Pour Antoine Reydellet, président depuis octobre de l’Intersyndicale nationale des internes (Isni), « les lignes bougent ». En 2017, ce syndicat avait révélé que 61 % des étudiantes en médecine étaient victimes de sexisme, quand ce n’était pas de harcèlement avec… contacts physiques.

Où en est le tabou du harcèlement sexuel à l’hôpital ?

ANTOINE REYDELLET. La parole est en train de se libérer, c’est déjà un grand pas. Dès le printemps prochain, nous allons remonter au créneau : nous allons placarder dans tous les CHU une série d’affiches. Il s’agit de rappeler à tous les soignants où sont clairement les limites. L’une d’elles, par exemple, expliquera qu’une main aux fesses, ce n’est pas être lourd, c’est du harcèlement ! Et dans chaque cas type décrit, les peines encourues seront mentionnées.

Où l’effort de sensibilisation doit-il porter en priorité ?

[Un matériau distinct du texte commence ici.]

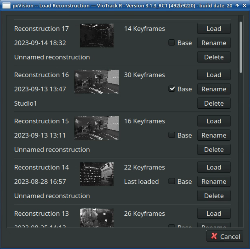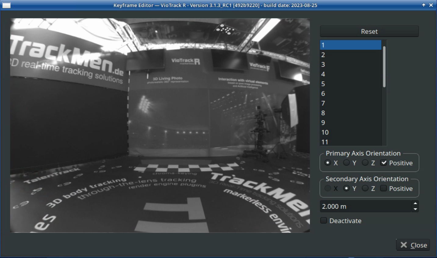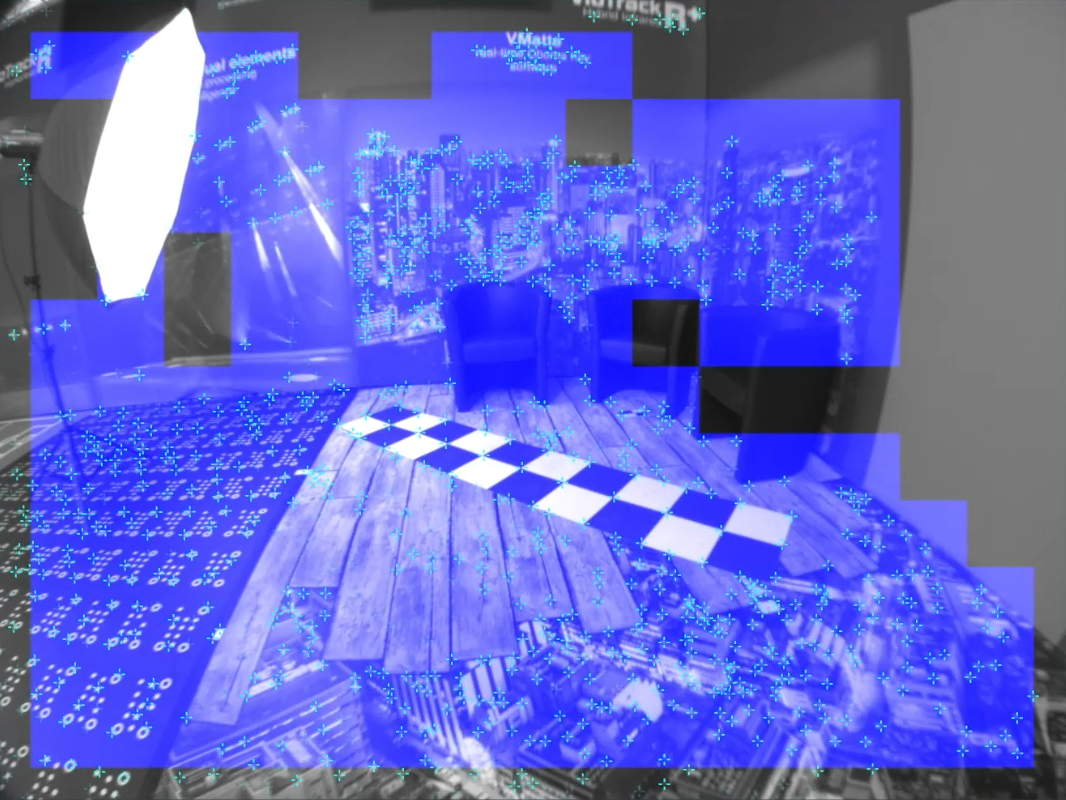 If the positions of feature points change because objects have been moved or illuminated differently, the program will disregards those points for tracking. If the changes become increasingly excessive the Reconstruction can easily be updated. Also adding new areas to the Reconstruction is an easy and quick process. The program allows to switch between different Reconstructions, for example when moving the camera into another studio or changing to another lighting.

Dans l’univers des blocs opératoires. Le bloc est par définition un lieu clos où s’exercent de fortes tensions de temps, d’efficacité, mais aussi de contrôle. Dans ce lieu confiné, de grande promiscuité, où le chirurgien est maître à bord, les tensions hiérarchiques peuvent s’exacerber et déraper : un interne m’a raconté qu’il s’était vu demander, un jour, en pleine intervention, de faire un strip-tease et il s’est exécuté. C’était la condition posée pour qu’il ait le droit de pratiquer certains actes. C’était sur le ton de la blague. Sauf que là, on n’était plus dans l’esprit carabin, mais dans l’abus de pouvoir.

Les plaintes sont pourtant rarissimes, les suites judiciaires inexistantes. Qu’est-ce qui bloque encore ?

Il y a la honte, la volonté de ne pas faire de vagues par crainte pour sa carrière. Dans certaines spécialités, tout le monde se connaît : parler peut coûter cher ! Pour casser ce cercle vicieux, les hospices civils de Lyon viennent de mettre en place (...)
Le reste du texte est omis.